*WHAT YOU WILL DO:* Although the records include pictures, the copy should not; write out exactly the lines from the first through the line with "2. Un buen núcleo".
----------------------------------------
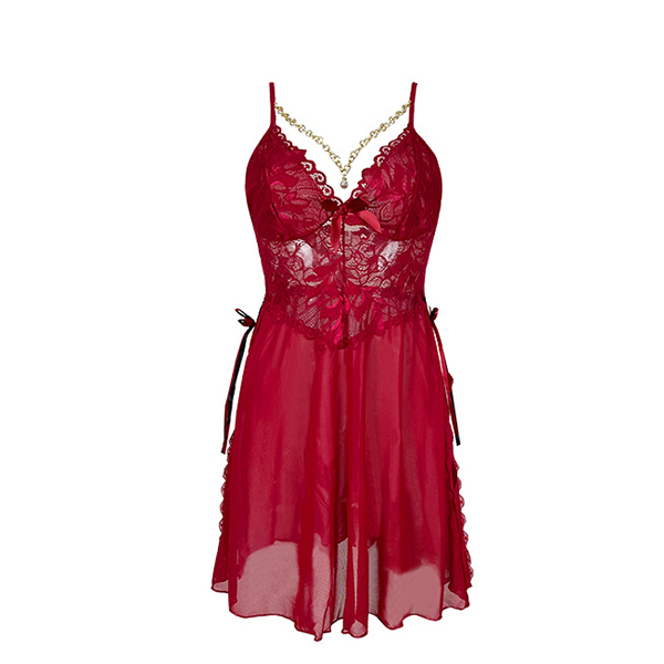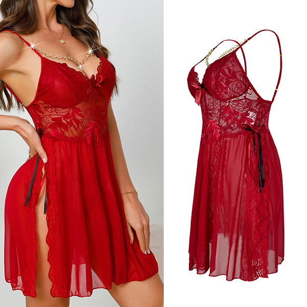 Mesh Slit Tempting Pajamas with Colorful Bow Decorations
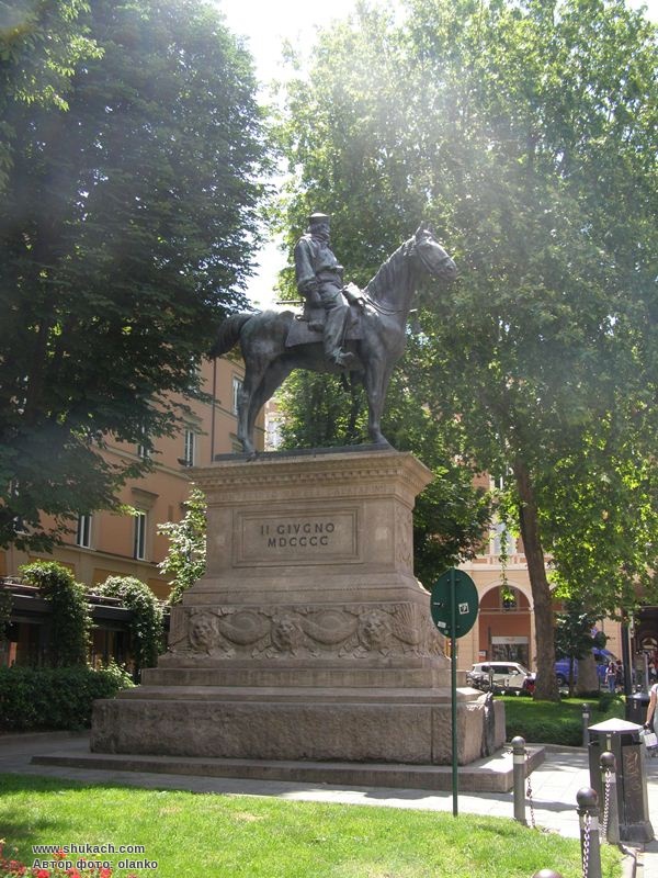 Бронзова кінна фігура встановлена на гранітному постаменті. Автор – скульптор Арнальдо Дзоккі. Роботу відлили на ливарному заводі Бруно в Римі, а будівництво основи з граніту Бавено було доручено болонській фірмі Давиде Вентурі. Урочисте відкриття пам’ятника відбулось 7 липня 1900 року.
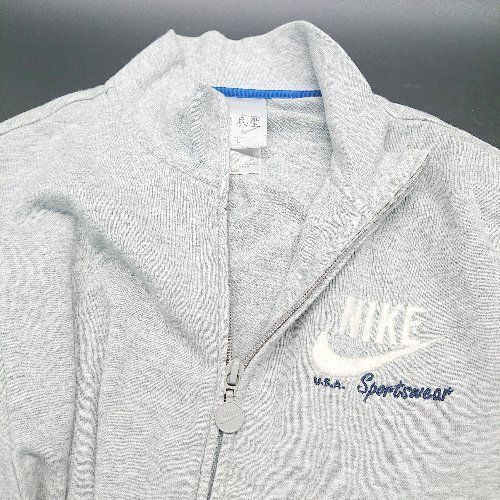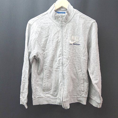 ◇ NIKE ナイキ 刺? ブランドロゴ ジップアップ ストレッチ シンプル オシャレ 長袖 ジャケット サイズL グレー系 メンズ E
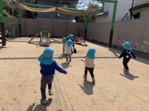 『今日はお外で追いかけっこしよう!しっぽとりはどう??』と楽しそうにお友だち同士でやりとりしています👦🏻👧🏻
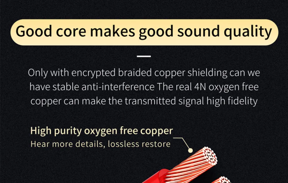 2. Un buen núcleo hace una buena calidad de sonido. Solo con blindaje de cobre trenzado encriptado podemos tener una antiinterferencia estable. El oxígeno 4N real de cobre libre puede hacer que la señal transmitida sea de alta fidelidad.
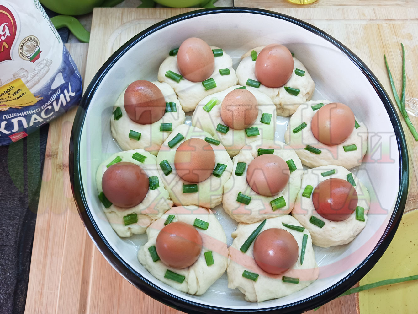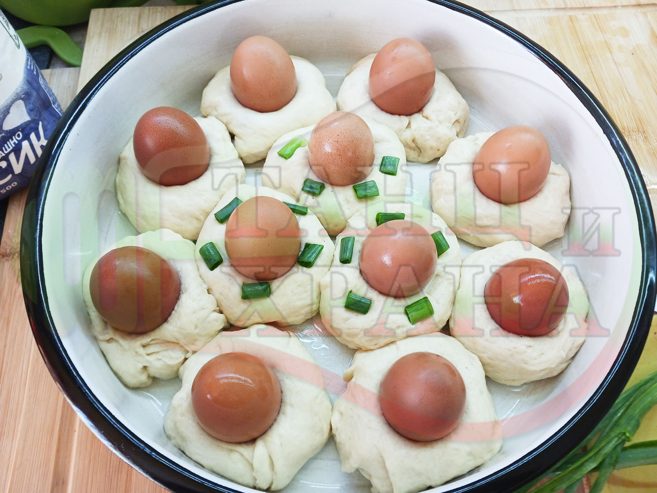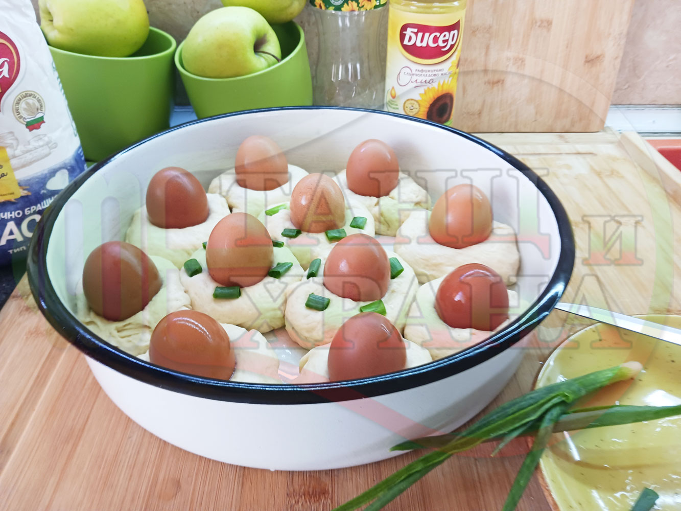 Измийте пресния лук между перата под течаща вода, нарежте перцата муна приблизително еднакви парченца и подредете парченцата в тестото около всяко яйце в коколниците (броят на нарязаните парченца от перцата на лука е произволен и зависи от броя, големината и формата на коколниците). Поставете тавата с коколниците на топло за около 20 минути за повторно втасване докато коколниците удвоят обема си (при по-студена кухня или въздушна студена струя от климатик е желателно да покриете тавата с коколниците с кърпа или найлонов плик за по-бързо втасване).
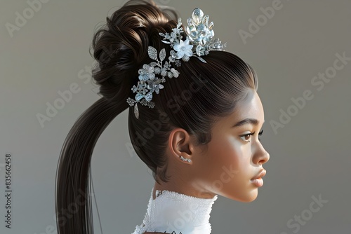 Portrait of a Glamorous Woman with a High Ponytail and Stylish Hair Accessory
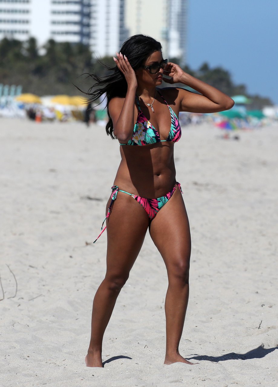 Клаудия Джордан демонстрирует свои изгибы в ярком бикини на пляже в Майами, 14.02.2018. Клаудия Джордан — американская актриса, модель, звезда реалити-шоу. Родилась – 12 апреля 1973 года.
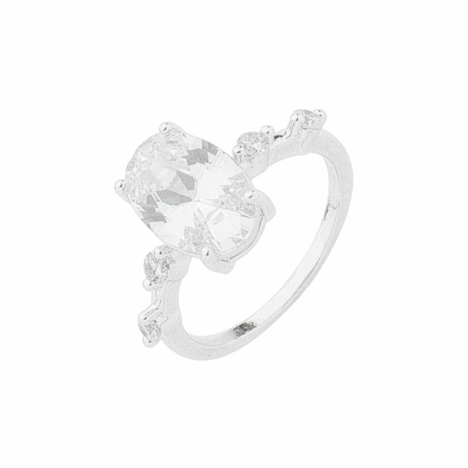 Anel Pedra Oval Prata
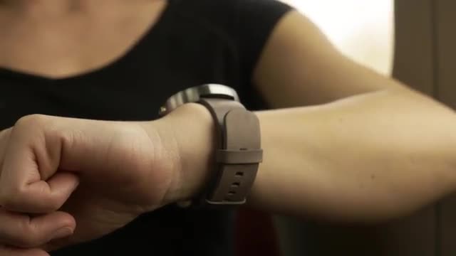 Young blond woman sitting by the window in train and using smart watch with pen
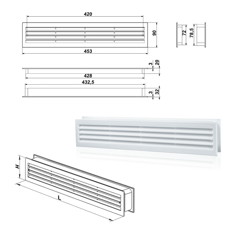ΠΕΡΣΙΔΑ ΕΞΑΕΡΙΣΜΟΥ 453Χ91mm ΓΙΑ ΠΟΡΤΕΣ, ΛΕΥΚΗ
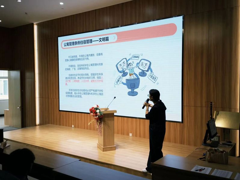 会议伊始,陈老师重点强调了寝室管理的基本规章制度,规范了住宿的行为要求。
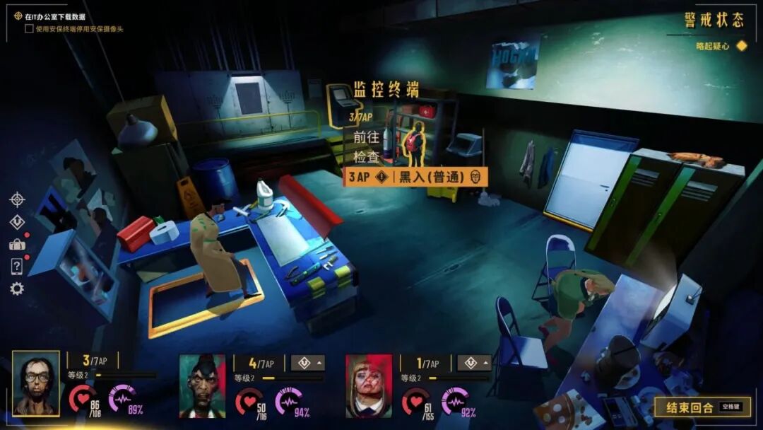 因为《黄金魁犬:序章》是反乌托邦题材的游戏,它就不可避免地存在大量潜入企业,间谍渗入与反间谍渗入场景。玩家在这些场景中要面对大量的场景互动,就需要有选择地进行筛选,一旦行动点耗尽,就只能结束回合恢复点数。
----------------------------------------
*REPLY:*
 Mesh Slit Tempting Pajamas with Colorful Bow Decorations
 Бронзова кінна фігура встановлена на гранітному постаменті. Автор – скульптор Арнальдо Дзоккі. Роботу відлили на ливарному заводі Бруно в Римі, а будівництво основи з граніту Бавено було доручено болонській фірмі Давиде Вентурі. Урочисте відкриття пам’ятника відбулось 7 липня 1900 року.
 ◇ NIKE ナイキ 刺? ブランドロゴ ジップアップ ストレッチ シンプル オシャレ 長袖 ジャケット サイズL グレー系 メンズ E
 『今日はお外で追いかけっこしよう!しっぽとりはどう??』と楽しそうにお友だち同士でやりとりしています👦🏻👧🏻
 2. Un buen núcleo hace una buena calidad de sonido. Solo con blindaje de cobre trenzado encriptado podemos tener una antiinterferencia estable. El oxígeno 4N real de cobre libre puede hacer que la señal transmitida sea de alta fidelidad.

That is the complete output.